### THE TASK
Please, from the entries below, transcribe exactly the lines that begin at the line with "Danny Kollár na" and end at the line with "Ob mattierte oder", without the pictures.

### RECORDS
----------------------------------------

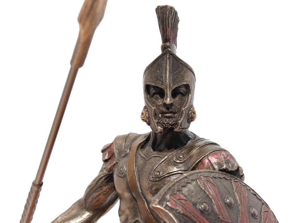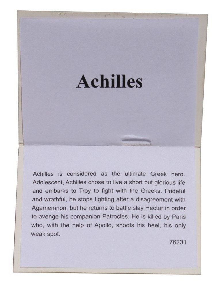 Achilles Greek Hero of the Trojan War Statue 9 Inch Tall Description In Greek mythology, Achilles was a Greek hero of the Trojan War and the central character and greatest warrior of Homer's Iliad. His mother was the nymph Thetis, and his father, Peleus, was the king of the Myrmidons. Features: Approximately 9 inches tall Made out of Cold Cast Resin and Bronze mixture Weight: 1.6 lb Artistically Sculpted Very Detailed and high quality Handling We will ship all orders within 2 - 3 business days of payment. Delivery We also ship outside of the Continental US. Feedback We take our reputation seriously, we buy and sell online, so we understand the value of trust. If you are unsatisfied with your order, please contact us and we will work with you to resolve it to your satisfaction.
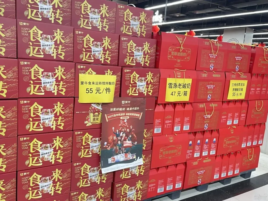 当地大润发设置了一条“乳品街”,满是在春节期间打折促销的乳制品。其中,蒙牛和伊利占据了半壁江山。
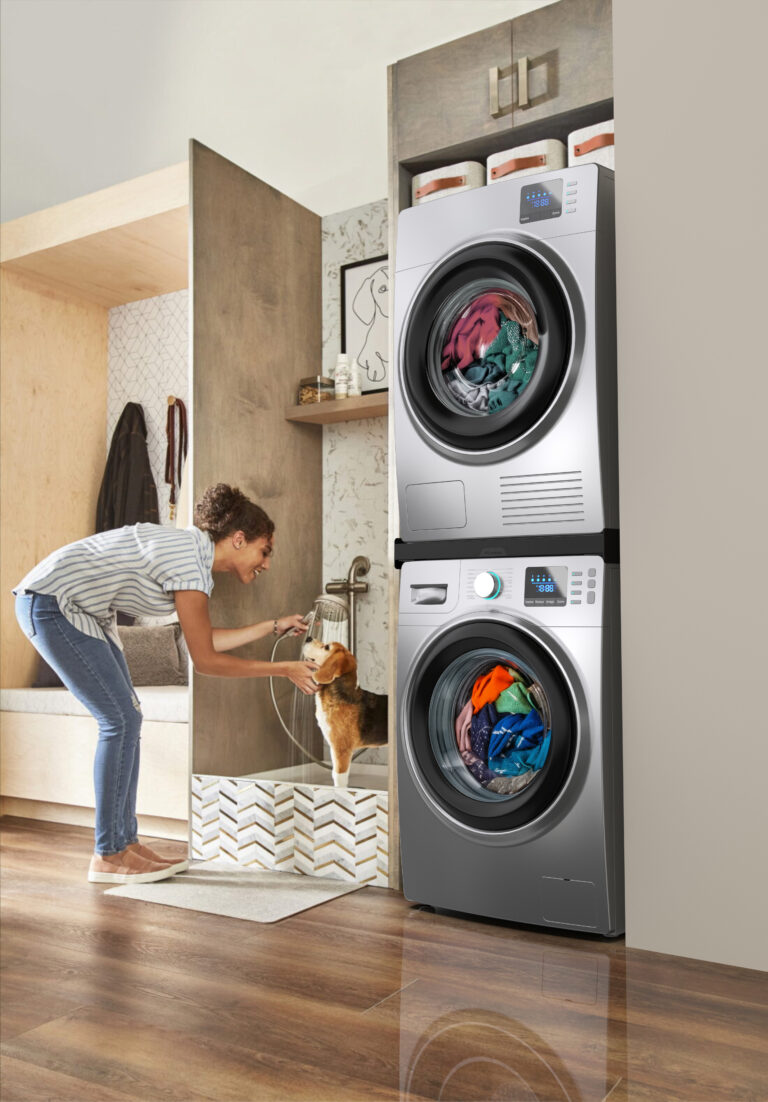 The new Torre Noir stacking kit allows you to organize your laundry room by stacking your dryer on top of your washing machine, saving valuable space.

----------------------------------------

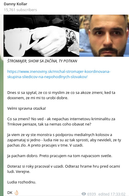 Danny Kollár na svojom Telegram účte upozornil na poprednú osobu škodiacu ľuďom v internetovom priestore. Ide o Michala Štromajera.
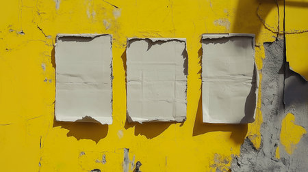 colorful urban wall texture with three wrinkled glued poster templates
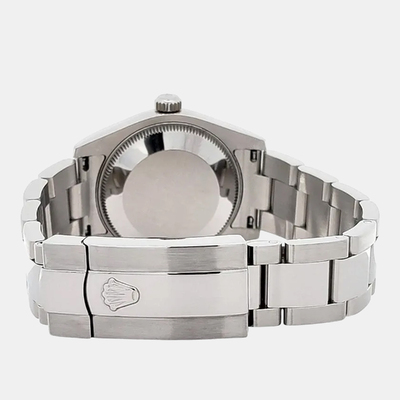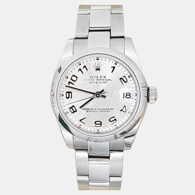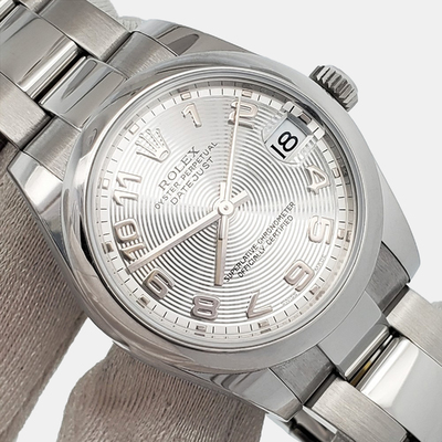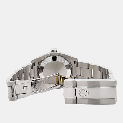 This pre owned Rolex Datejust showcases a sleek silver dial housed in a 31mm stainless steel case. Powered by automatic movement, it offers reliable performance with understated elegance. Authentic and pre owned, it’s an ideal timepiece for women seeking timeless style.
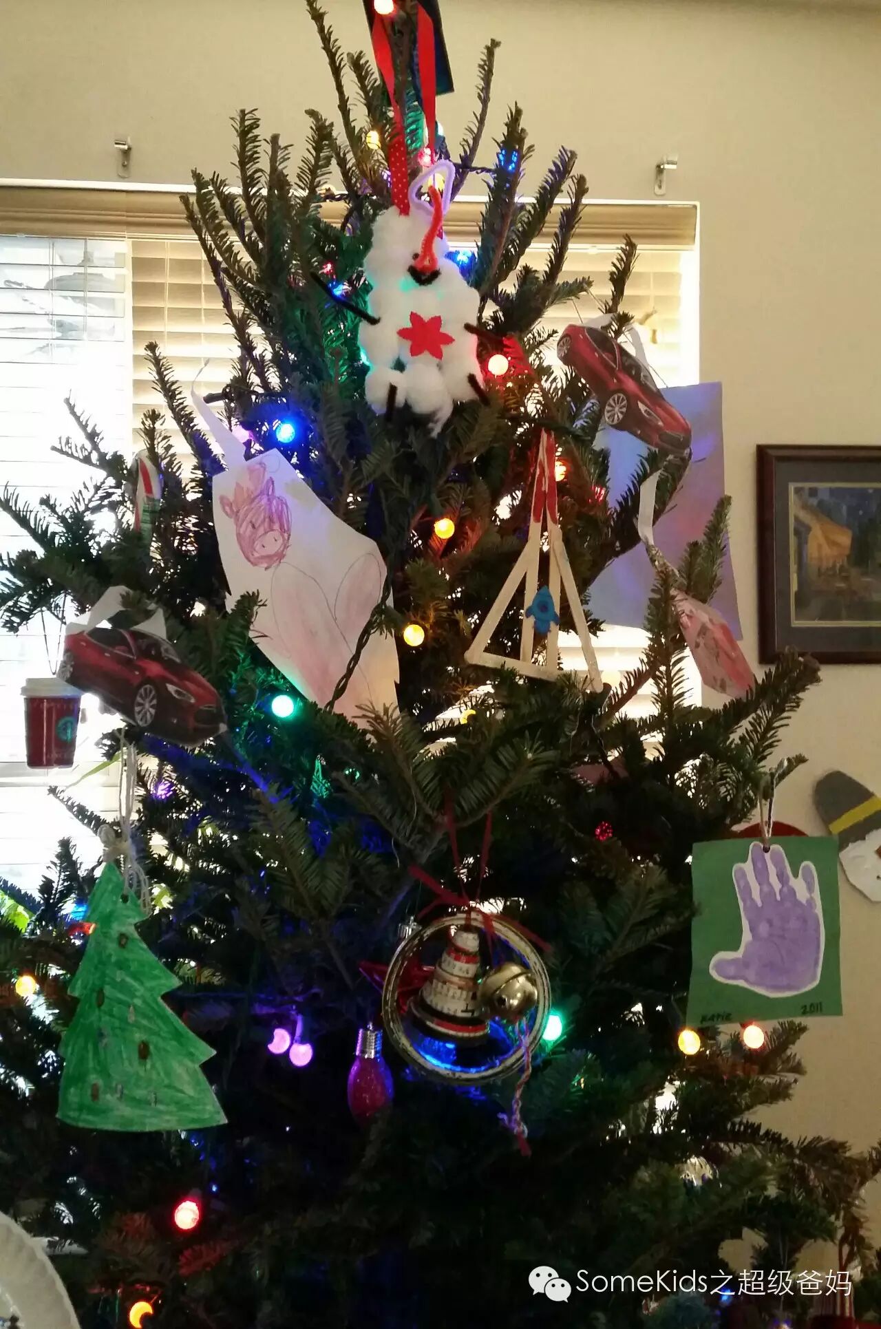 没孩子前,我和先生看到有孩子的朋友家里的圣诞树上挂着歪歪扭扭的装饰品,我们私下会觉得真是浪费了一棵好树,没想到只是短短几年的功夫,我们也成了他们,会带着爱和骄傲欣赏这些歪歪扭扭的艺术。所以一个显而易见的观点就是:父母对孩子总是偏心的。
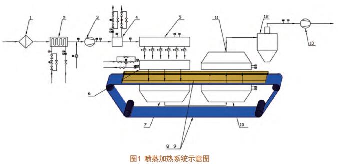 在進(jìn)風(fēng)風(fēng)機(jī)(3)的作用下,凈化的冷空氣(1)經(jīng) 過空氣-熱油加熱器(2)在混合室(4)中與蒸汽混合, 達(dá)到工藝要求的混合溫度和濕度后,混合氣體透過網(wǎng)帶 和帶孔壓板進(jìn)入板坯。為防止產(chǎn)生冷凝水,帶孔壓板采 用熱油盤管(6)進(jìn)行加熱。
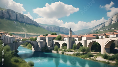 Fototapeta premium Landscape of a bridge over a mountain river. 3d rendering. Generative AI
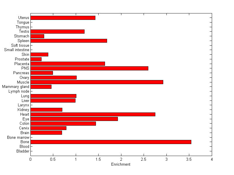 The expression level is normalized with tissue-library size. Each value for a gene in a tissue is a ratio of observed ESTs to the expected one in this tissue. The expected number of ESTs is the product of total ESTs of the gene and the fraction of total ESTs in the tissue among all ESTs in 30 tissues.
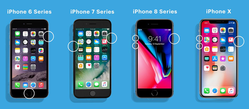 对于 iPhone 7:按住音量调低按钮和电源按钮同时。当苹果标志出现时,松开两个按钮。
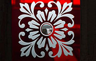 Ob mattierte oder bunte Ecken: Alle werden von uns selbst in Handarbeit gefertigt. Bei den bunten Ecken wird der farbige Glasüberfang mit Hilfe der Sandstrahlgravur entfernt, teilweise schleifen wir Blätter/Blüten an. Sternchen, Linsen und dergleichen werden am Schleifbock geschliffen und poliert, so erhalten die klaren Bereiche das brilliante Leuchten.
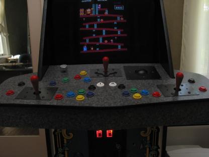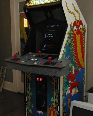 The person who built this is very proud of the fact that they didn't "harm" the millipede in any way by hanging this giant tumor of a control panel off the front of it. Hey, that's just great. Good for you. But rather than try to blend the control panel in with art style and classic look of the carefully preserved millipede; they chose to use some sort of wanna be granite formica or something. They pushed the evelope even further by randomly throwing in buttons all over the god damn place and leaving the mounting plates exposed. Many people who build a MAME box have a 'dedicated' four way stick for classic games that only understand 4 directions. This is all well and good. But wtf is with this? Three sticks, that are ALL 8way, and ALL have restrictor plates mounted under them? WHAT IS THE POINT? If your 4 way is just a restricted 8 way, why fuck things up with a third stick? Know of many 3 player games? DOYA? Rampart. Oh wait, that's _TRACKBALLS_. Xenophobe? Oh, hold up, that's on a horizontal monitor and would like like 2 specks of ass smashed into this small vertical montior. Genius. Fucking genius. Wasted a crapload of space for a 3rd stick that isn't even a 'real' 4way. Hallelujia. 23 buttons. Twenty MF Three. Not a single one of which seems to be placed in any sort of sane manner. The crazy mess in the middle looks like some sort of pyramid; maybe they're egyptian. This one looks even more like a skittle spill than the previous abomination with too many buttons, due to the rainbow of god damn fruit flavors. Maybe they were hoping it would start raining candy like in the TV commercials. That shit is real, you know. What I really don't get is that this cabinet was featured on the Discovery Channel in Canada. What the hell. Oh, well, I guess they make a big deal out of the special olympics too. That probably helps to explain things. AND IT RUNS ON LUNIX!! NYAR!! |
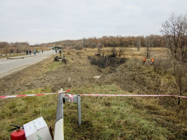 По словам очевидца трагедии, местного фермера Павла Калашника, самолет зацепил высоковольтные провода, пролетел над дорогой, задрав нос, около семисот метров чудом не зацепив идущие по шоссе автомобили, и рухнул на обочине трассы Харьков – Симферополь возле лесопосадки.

----------------------------------------

### ANSWER
 Danny Kollár na svojom Telegram účte upozornil na poprednú osobu škodiacu ľuďom v internetovom priestore. Ide o Michala Štromajera.
 colorful urban wall texture with three wrinkled glued poster templates
 This pre owned Rolex Datejust showcases a sleek silver dial housed in a 31mm stainless steel case. Powered by automatic movement, it offers reliable performance with understated elegance. Authentic and pre owned, it’s an ideal timepiece for women seeking timeless style.
 没孩子前,我和先生看到有孩子的朋友家里的圣诞树上挂着歪歪扭扭的装饰品,我们私下会觉得真是浪费了一棵好树,没想到只是短短几年的功夫,我们也成了他们,会带着爱和骄傲欣赏这些歪歪扭扭的艺术。所以一个显而易见的观点就是:父母对孩子总是偏心的。
 在進(jìn)風(fēng)風(fēng)機(jī)(3)的作用下,凈化的冷空氣(1)經(jīng) 過空氣-熱油加熱器(2)在混合室(4)中與蒸汽混合, 達(dá)到工藝要求的混合溫度和濕度后,混合氣體透過網(wǎng)帶 和帶孔壓板進(jìn)入板坯。為防止產(chǎn)生冷凝水,帶孔壓板采 用熱油盤管(6)進(jìn)行加熱。
 Fototapeta premium Landscape of a bridge over a mountain river. 3d rendering. Generative AI
 The expression level is normalized with tissue-library size. Each value for a gene in a tissue is a ratio of observed ESTs to the expected one in this tissue. The expected number of ESTs is the product of total ESTs of the gene and the fraction of total ESTs in the tissue among all ESTs in 30 tissues.
 对于 iPhone 7:按住音量调低按钮和电源按钮同时。当苹果标志出现时,松开两个按钮。
 Ob mattierte oder bunte Ecken: Alle werden von uns selbst in Handarbeit gefertigt. Bei den bunten Ecken wird der farbige Glasüberfang mit Hilfe der Sandstrahlgravur entfernt, teilweise schleifen wir Blätter/Blüten an. Sternchen, Linsen und dergleichen werden am Schleifbock geschliffen und poliert, so erhalten die klaren Bereiche das brilliante Leuchten.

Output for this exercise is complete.